Out of the Meat Locker, Part Deux

Well, I’ve been working through something for a little over a week and thought it was time to tell you guys.  I’ve been trying to figure out how to put it in words accurately for about a week now, so I’m just going to lay it out there.

As of last Saturday evening, I am no longer a vegetarian.  I always said that I would only do it as long as I felt led to, and suddenly, I no longer felt led to.  It started a couple of weeks ago…and I don’t know why particularly, but I was starting to feel pretty conflicted about it.  I tried to take a nap last Saturday and couldn’t…I was thinking about it too much.

I’ve taken worse care of my body in the last year than I have in my whole life.  I’ve gained twenty pounds, I’m lethargic, achy, and can’t get motivated to take any action or do anything.  While I don’t believe that God’s original intent was for us to eat meat, I also don’t think that I’m being a good steward of my body if I’m not taking care of myself for the sake of something that God expressly told us that we could now have.

We got Chinese food on Saturday night last week and I got some egg drop soup…my stomach had been bothering me all day, and it was almost like magic how it calmed down once the chicken broth hit it. 

I’ve been doing a lot of reading on different diets this week:  Weston A. Price, Primal Eating, South Beach, Mediterranean, Clean eating, etc.  I’m quickly coming to the conclusion that different bodies are suited for different eating styles.  Some people thrive on a vegetarian/vegan diet with lots of soy; others don’t do so well.  I’ve been reading a lot on soy and its effects on the body.  From what I’m reading, it’s definitely not good for me.  And, for the past year, I’ve been eating copious amounts of tofu, soymilk, veggie burgers, etc.  I’ve been shooting myself in the foot, making me feel terrible about myself but feeling to listless to do anything about it.
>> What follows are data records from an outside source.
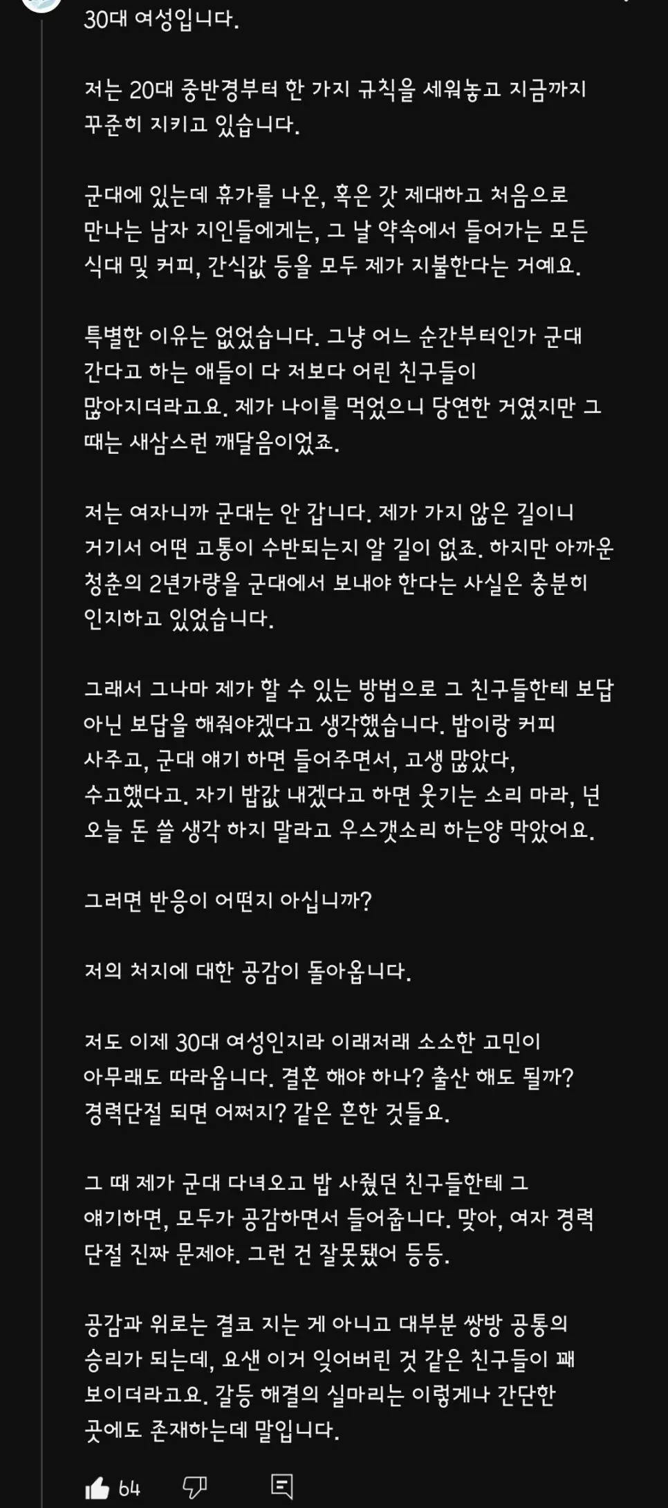 군대 간 남자에게 밥사주고 공감해준 여자에게 돌아온것
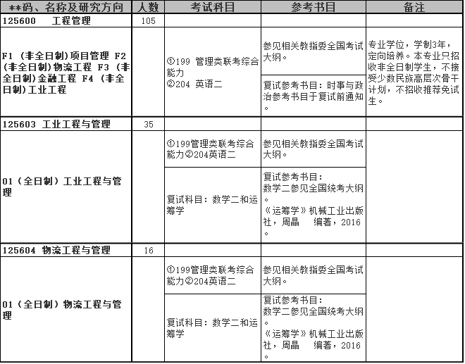 MEM03、04方向是参加管理类联考,初试相对普研简单很多,也因此吸引了很多本科应届生的关注。就报考条件而言,各类专业背景的本科应届生都可以报考。125603对应原工业工程领域,125604对应原物流工程领域,所以本科为相关专业领域的考生都可以报考。其他专业考生未来想要从事相关行业或职业也可以报考。
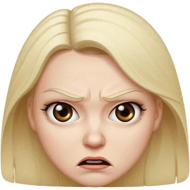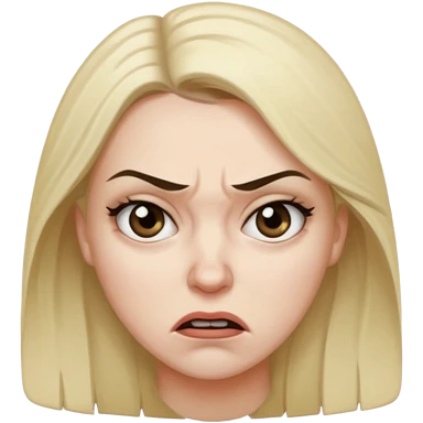 woman with long curly blond hair, brown eyes, wearing an off-shoulder top, studying emoji
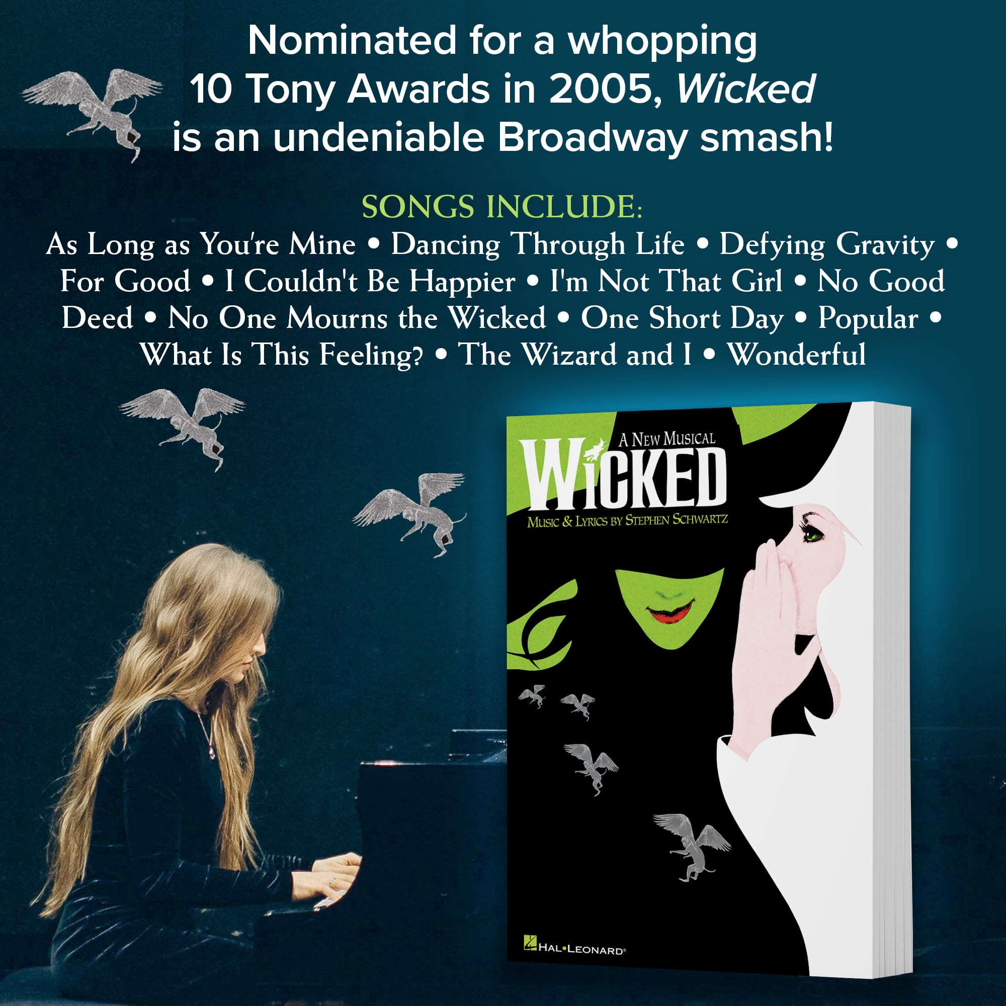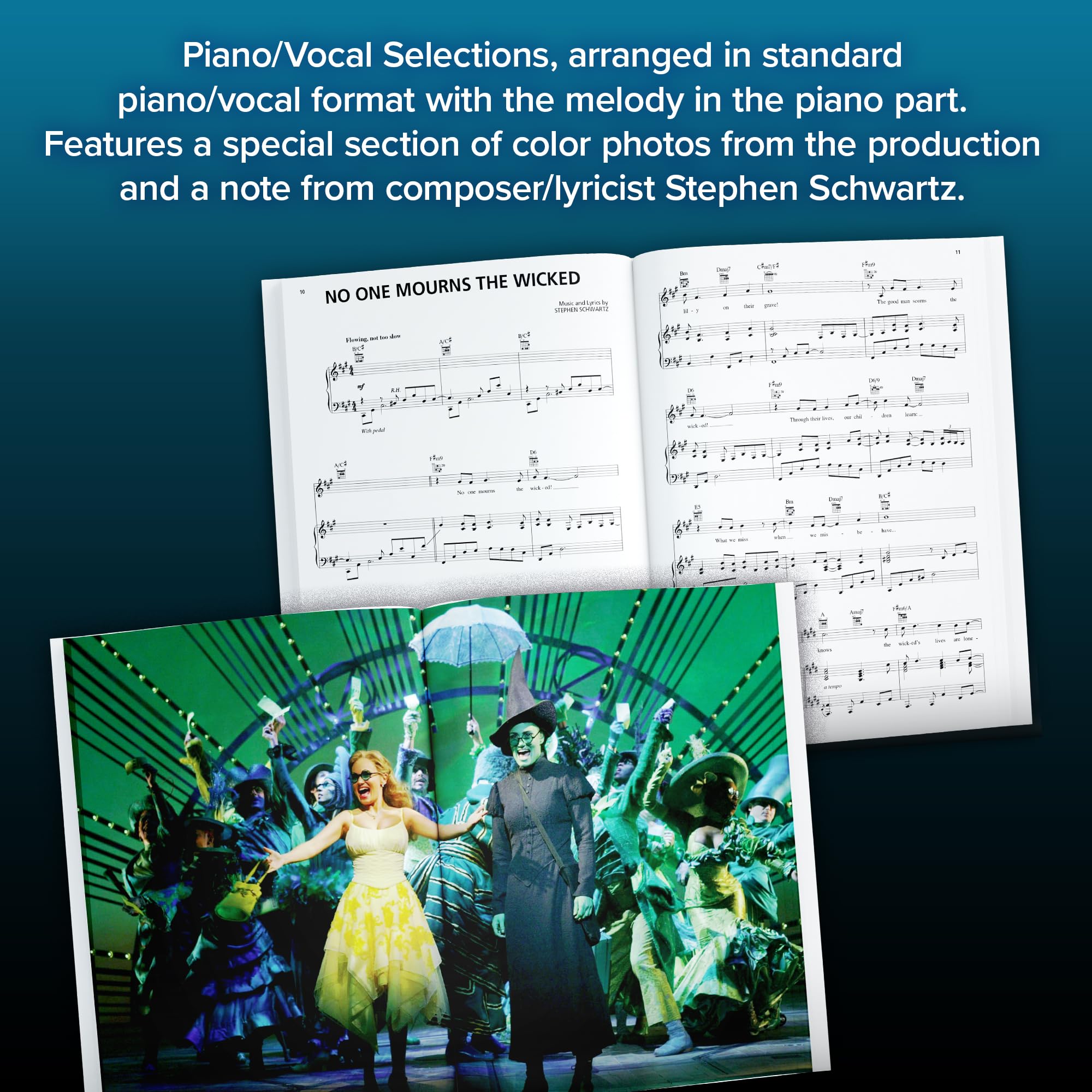 Bring Broadway magic to your piano with Wicked – A New Musical. This official piano/vocal songbook by award-winning composer Stephen Schwartz is perfect for pianists, singers, and musical theater enthusiasts. Designed for intermediate players, students, and teachers, it offers the authentic arrangements used in the show, making it ideal for practice, auditions, and performances. Each piece captures the powerful emotion and storytelling that made Wicked one of Broadway’s most beloved productions. Authentic arrangements for piano, voice, and guitar. This beautifully crafted edition features accurate piano accompaniments, vocal lines, and guitar chord diagrams for 13 unforgettable songs. Each selection includes the melody woven into the piano part, allowing solo pianists to fully express the energy of the stage performance. Whether you’re rehearsing for a recital or singing along at home, these arrangements help improve rhythm, reading, and performance confidence while celebrating the rich harmonies and lyrics of Stephen Schwartz’s score. Includes full-color production photos and composer’s note. Featuring exclusive images from the original Broadway production and a personal message from Stephen Schwartz, this edition immerses musicians in the world of Wicked. It serves as both a performance tool and a collectible keepsake for musical theater fans, making it a thoughtful gift for students, teachers, or anyone passionate about Broadway music. Full Song List: As Long as You’re Mine * Dancing Through Life * Defying Gravity * For Good * I Couldn’t Be Happier * I’m Not That Girl * No Good Deed * No One Mourns the Wicked * One Short Day * Popular * What Is This Feeling? * The Wizard and I * Wonderful. A thoughtful gift for theater lovers. Perfect for recitals, lessons, or home enjoyment, this songbook brings the magic of Wicked into your hands.
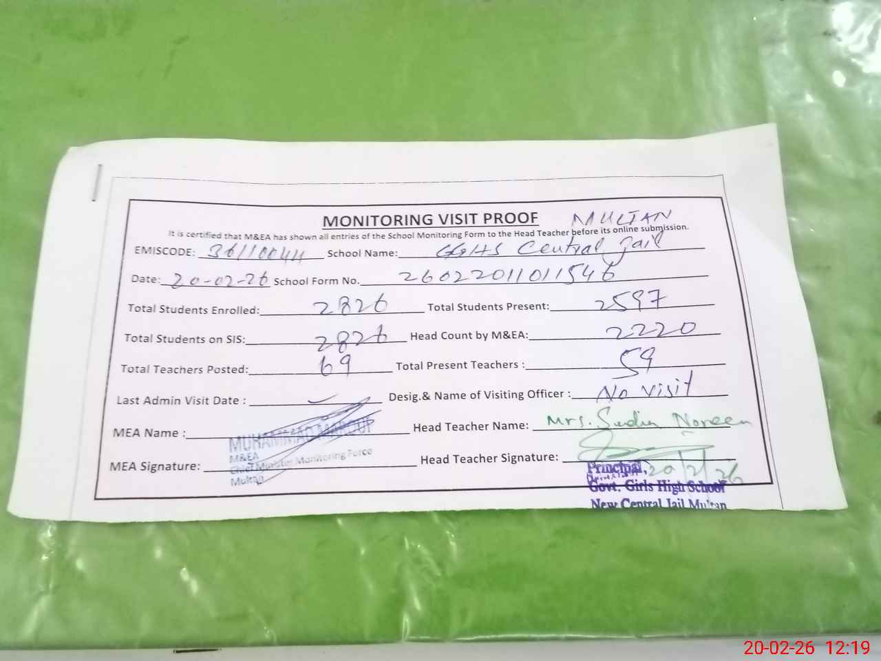 | EMIS Code: 36110044 | Name of School: GGHS NEW CENTRAL JAIL MULTAN | |||
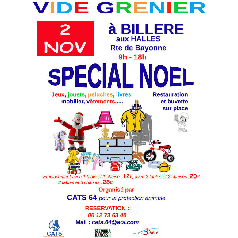 Venez vendre les jouets et tous objets que vous n'utilisez pas et aussi chercher les jouets ou objets pour offrir à noël. Buvette avec de succulents plats du monde, délicieux desserts et boissons chaudes et froides. C'est l'occasion à ne pas rater pour réaliser des supers affaires pour noël. Le succès du vide grenier de noël est incontesté.

So, I took a critical look at myself, at whether or not I was making vegetarianism into an idol of sorts, making myself feel like I was a better Christian because of it while letting my body, my “temple,” fall apart.  I felt guilty about it at first, and I guess to some degree, I’m still working through that.  I’ve been thanking God for the animal who died to provide my food when I eat, and that seems to be helping some right now.  When we’re able to accurately examine our finances again, I want to start looking to buy pastured eggs and grass-fed chicken and beef.  At least that way, I know that they were allowed to live as they should have been allowed to live.

So, there you have it.  I’m looking forward to increased energy and motivation.  I’ve missed it.

What part of Shelli is this?

Ash Wednesday…

So, this Baptist was found today at Saint Gabriel’s church at lunch, together with a friend from work, attending an Ash Wednesday service and receiving ashes.  It’s the first time I’ve ever done it; I’d talked about it last year, how I wished I had gotten ashes, and this year, when Anne came in the office and hadn’t gotten them yet, I told her that I’d like to go along if she went at lunch.

It was really an incredible experience; the much-abbreviated service was beautiful, very Scriptural, and very reverent.  There were four people, two clergy members and two laypeople, giving the ashes.  There was prayer, responses, and we left during the singing. 

Quite honestly, knowing that the ashes were there really kept my mind focused on Christ today…I found myself pausing before getting too aggravated or having a bad attitude.  We could all benefit from a tangible reminder of Christ’s suffering on our behalf every now and then, I think.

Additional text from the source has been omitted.